Later that evening it was back to the Civic for the once-in-a-lifetime opportunity to see '70s prog-rockers play their phenomenal score to Dario Argento's 1977 horror masterpiece Suspiria.
The superlatively creepy music felt only more chilling played live, and you could tell the packed house was loving every minute of it. It's one of Argento's more coherent films, but dream logic still dominates Suspiria, which follows wide-eyed American student Suzy (the radiant Jessica Harper) as she discovers the ballet school she's just joined is run by witches.
Next up was Cheap Thrills, an often discomforting but always deeply enjoyable black comedy.
Journeyman character actor Pat Healy, who made an impression last year in Ti West's The Innkeepers, plays Craig, a failed writer and young father facing eviction who's drowning his sorrows in a bar after being laid off.
After bumping into his reckless old pal Vince (Ethan Embry from Can't Hardly Wait), the pair accept drinks from a married couple played by comedy stalwart David Koechner (Anchorman) and Healy's Innkeepers co-star Sara Paxton.
There's something a little off about the couple, but that doesn't stop Craig and Vince responding to a series of minor challenges for which they offer cash rewards.
Things escalate quickly as violence enters the dynamic, and by the time the two friends are back at the couple's house, traditional notions of dignity have become challenged.
Cheap Thrills could easily have just been a Very Bad Things-esque exercise is escalating insanity, but it digs a littler deeper than that, and has nuanced observations to make about friendship; class conflict and dog-eating.
It's definitely uncomfortable at times, but there's an absence of glibness to the film - the high concept is embraced with a combination of realism; seriousness and macabre joy. It's not entirely clear who we're supposed to be rooting for, if anyone.

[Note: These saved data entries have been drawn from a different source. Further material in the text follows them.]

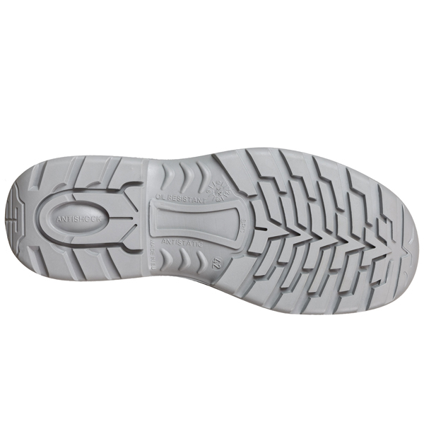 Por la parte de fuera, contiene un corte exterior de piel imprimida otorgando propiedades hidrófugas. Seguidamente, este calzado viene equipado con una puntera de composite capaz de resistir hasta 200J. Finalmente, por la parte inferior tiene una suela de PU antideslizante.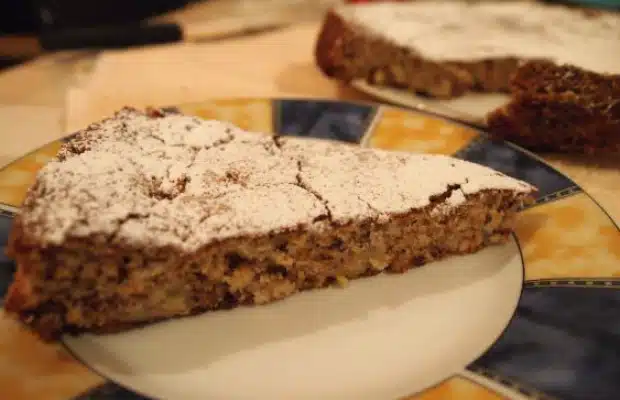Пресяваме сухите продукти и прибавяме и тях. Накрая добавяме орехите и разбъркваме добре.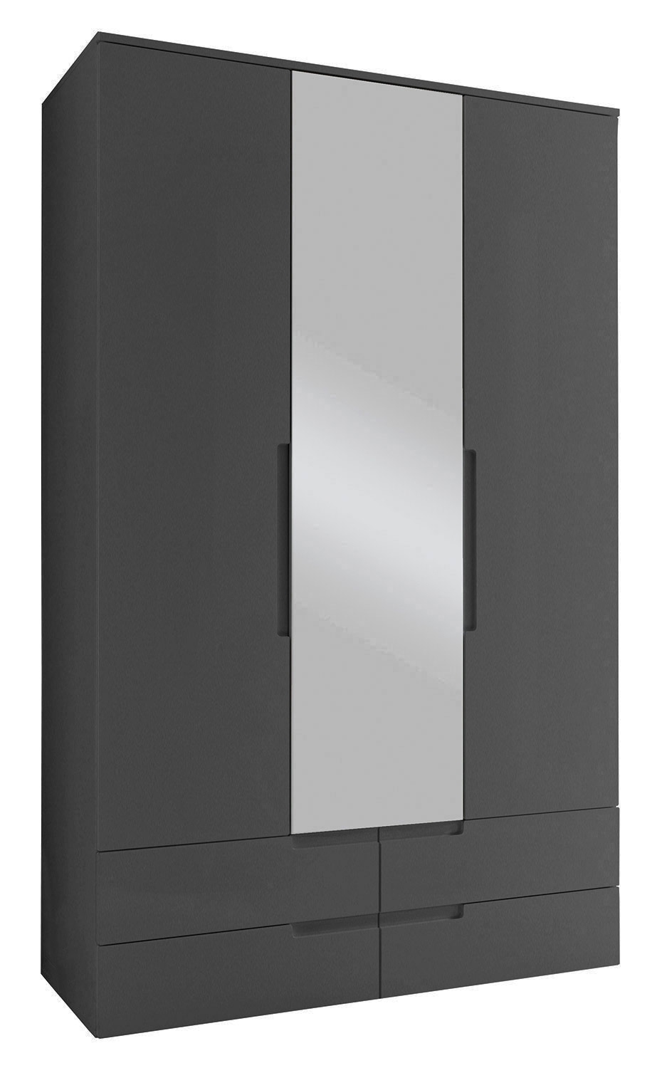 | Lieferumfang: | 1 schmaler Kleiderschrank mit 2 Holztüren, 1 Spiegeltüre und 4 Schubkästen |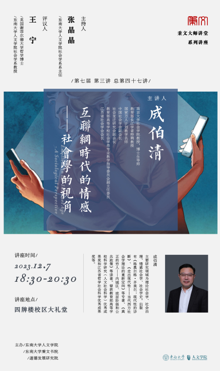 本期秉文大师讲堂邀请到南京大学社会学院教授、博士生导师成伯清教授作题为《互联网时代的情感——社会学的视角》的学术讲座。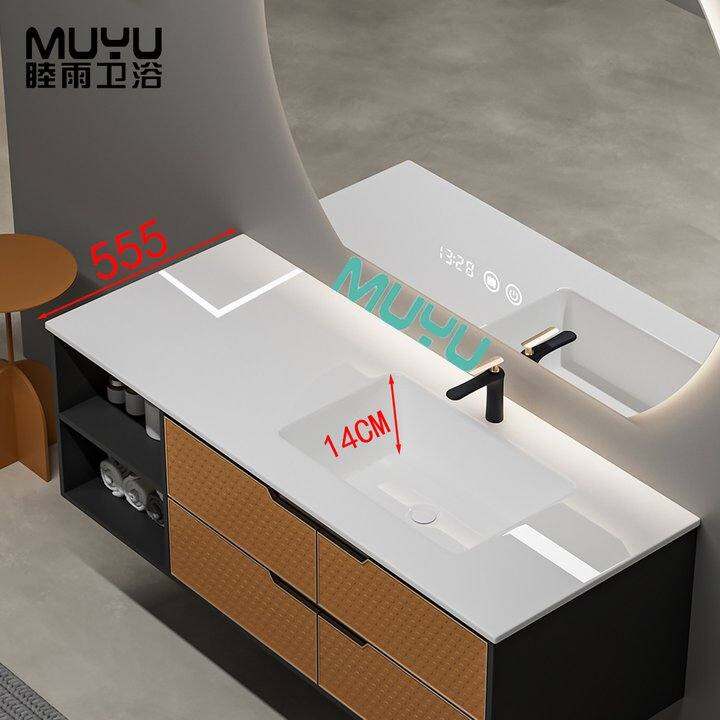 陶瓷一体盆洗手盆池浴室半嵌入式洗脸盆洗漱台盆切角定制55宽单水槽
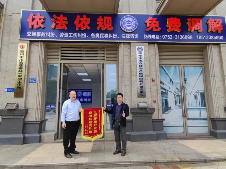 4月12日,惠眾調(diào)處研究中心收到一面印有“化解矛盾紓眾困,解決糾紛促和諧”的錦旗,贈(zèng)送錦旗的正是李志民。

I really enjoyed Cheap Thrills, and if it sounds like your bag you should definitely check out the second screening this Friday at 9.30pm - director Evan Katz will be in attendance to do a Q & A.

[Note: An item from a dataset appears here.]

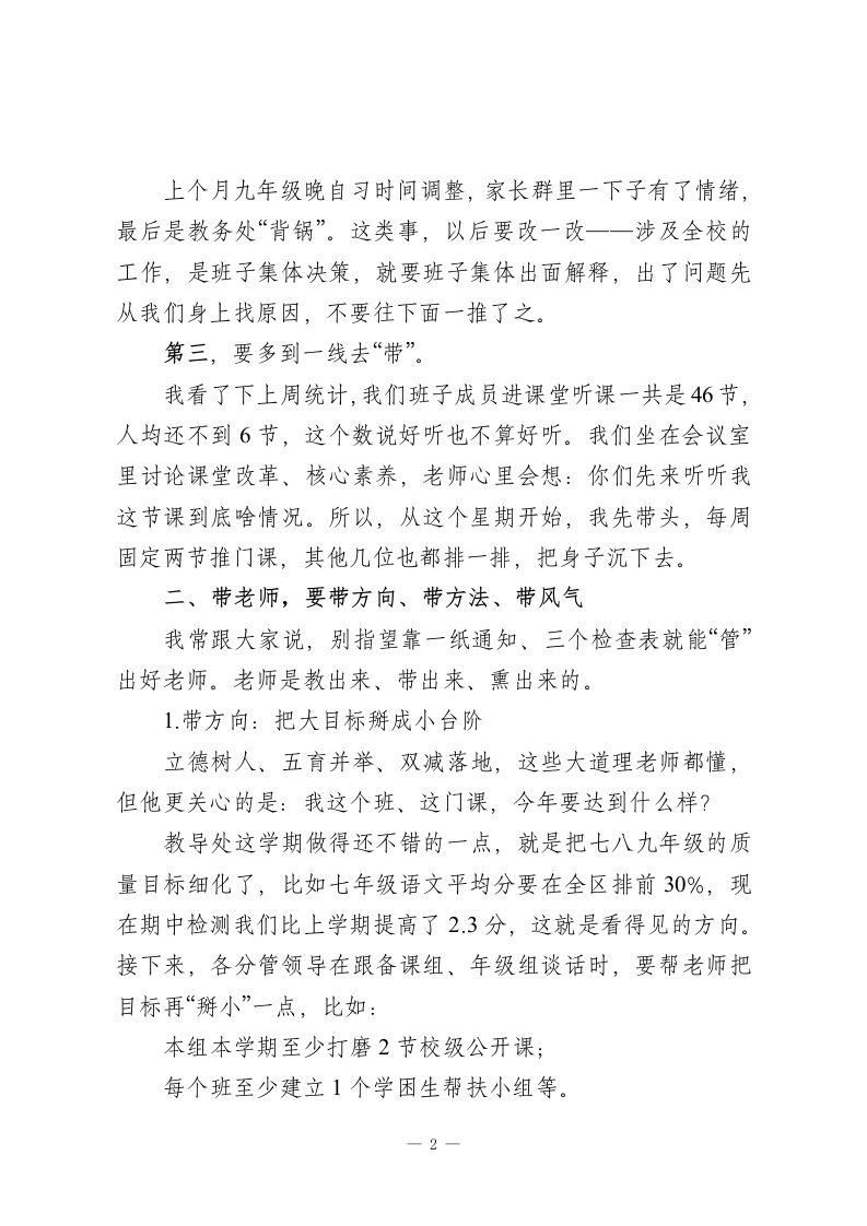 校长在学校班子会议上的讲话:带队伍要走在前面,不是只会在后面管!各位班子成员:今天这个会,我不讲别的,就想跟大家围绕一句话掰扯掰扯:好团队是带出来的,不是管出来的。我们现在有老师127人,真正跟学生“面对面”的是他们,不是我们。办学质量、立德树人、双减效果、五育并举落实得怎么样,说到底,看的是教师队伍的精气神。而教师队伍的状态,很大程度上又取决于我们这个班子,取决于我们怎么带。我想从三点说,说得比较直,大家别往心里去,多往工作里去。一、先把我们班子这支“队”带好说实在话,要老师相信学校、相信发展方向,前提是他们先要相信我们这帮人。一个东一榔头西一棒槌的班子,是带不出有战斗力的队伍的。第一,要同向发力。今年我们定的目标很清楚:教学质量整体上一个台阶,安全工作零事故,双减落到实处。这些不是校长一个人的目标,是我们整个班子的共同方向。碰到难事,不能有人踩刹车、有人加油门,更不能“当面一套、会后一套”。第二,要敢担责、会兜底。1

On Monday afternoon I attended Ginger and Rosa, the coming-of-age tale from celebrated writer/director Sally Potter, who made the enduring 1992 art-house classic Orlando.
This isn't the first film to use the Cuban missile crisis as a metaphor for the explosive emotions of puberty, but it does so with a low-key tenderness that wholly won me over.
Elle Fanning (Super 8) and Alice Englert (Beautiful Creatures) play the titular duo, inseparable teenage best friends in 1962 London. While Ginger frets about a nuclear apocalypse, Rosa is busy cultivating her sexuality.
When the father-less Rosa begins attracting inappropriate attention from Ginger's insufferable 'radical' dad Roland (Alessandro Nivola), things start unravelling between the pair.
Ginger & Rosa isn't a groundbreaking film, but it is beautifully put together and very watchable. Fanning is impressively affecting as the sensitive but resiliant Ginger, while Englert (who incidentally is the daughter of Kiwi director Jane Campion) displays much more depth here than she did in this year's Twilight-derived fantasy romance, Beautiful Creatures.
There's some mild overlap with 2010 festival favourite An Education, but Ginger & Rosa is a more impressionistic and lyrical film in which Potter displays a delicate grasp of the throws of teenagedom.
The heavyweight supporting cast also adds considerable value - Mad Men's Christina Hendricks does a lot with a small role as Ginger's mother, while Timothy Spall and Oliver Platt are great fun as Ginger's godfather and his American partner: Mark and Mark II, respectively. Annette Bening also turns up briefly to add authority to the political angle.
Ginger & Rosa is playing twice more in the festival, on Friday at the Lido and Wednesday of next week at the Bridgeway.
As I write this I've just came from a screening of Computer Chess and I'm still not sure what I experienced. But I know that I liked it. A lot.
I went in with no prior knowledge of the film and initially thought I was watching a documentary about a computer chess tournament held at a hotel at some point in the early '80s. The blandness of the camerawork; the pallid black and white video footage and the flat articulations of the subjects were so utterly convincing, I was sure it was all actual found footage.
Then some plot eventually kicks in, and it slowly dawned on me that I was watching a fictional film, and a very weird fictional film at that. There can be no overstating how impressive the period details are - there is always some kind of giveaway when filmmakers attempt to recreate the recent past in the found footage style - but everything here is spot-on, from the haircuts to the clothes to the soft-spoken manner in which the characters interact. Not a single actor lets the side down. This is almost time travel via cinema.
Many modern films trade in real world ambiguities and naturalistic environments, but I can't think of any other recent work that feels so effectively immersive in this regard. I kept having to remind myself that Computer Chess was a work of constructed cinema, and even then I wasn't sure.
There is a final screening of Computer Chess TONIGHT at the Academy at 6.30pm, and I can't recommend it highly enough. Landing somewhere between Pi and The King of Kong, this is the most surprised I've been by a movie in years.